Material provided:
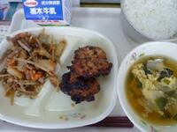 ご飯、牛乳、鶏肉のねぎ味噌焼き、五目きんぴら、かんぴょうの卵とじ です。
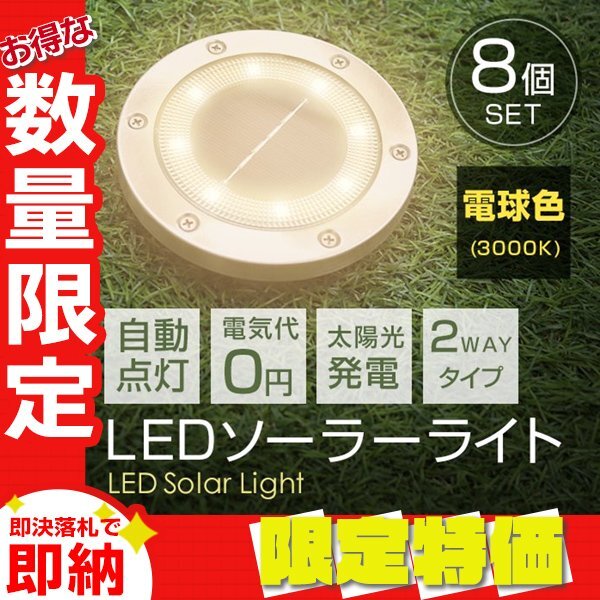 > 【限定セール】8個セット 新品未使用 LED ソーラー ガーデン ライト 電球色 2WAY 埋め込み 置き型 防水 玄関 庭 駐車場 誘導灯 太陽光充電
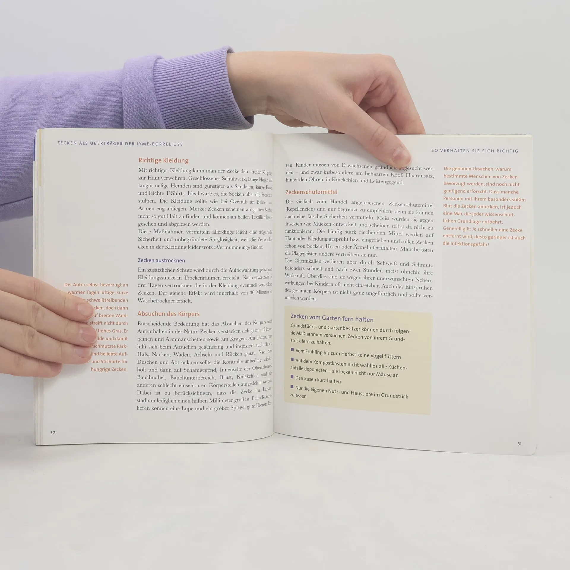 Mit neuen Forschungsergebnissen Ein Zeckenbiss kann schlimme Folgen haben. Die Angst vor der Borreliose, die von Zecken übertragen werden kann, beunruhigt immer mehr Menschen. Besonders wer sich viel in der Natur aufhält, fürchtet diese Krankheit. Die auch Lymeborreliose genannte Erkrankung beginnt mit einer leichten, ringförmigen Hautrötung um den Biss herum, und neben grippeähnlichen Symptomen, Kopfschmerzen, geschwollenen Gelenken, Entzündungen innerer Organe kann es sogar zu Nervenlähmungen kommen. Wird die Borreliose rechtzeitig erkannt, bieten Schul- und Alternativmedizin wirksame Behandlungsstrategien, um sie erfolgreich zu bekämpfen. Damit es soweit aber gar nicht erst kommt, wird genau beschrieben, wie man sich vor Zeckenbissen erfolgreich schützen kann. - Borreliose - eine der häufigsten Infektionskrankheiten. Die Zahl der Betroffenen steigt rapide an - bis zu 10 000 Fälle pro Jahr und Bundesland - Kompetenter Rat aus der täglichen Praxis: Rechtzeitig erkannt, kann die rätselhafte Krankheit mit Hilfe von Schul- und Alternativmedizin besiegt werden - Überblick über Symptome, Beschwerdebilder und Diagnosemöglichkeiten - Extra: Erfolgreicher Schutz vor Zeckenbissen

==

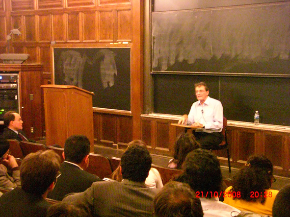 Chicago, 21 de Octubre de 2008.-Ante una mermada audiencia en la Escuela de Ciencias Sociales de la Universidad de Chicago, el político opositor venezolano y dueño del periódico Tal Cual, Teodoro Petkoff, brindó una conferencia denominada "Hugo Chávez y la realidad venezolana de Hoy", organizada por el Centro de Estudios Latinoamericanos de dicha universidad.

Exercise: Pictures aside, print exactly the lines above starting with the one containing "ご飯、牛乳、鶏肉のねぎ味噌焼き、五目きんぴら、かんぴょうの卵とじ です。" and going on through the one containing "駐車場 誘導灯 太陽光充電".

Task response:
 ご飯、牛乳、鶏肉のねぎ味噌焼き、五目きんぴら、かんぴょうの卵とじ です。
 > 【限定セール】8個セット 新品未使用 LED ソーラー ガーデン ライト 電球色 2WAY 埋め込み 置き型 防水 玄関 庭 駐車場 誘導灯 太陽光充電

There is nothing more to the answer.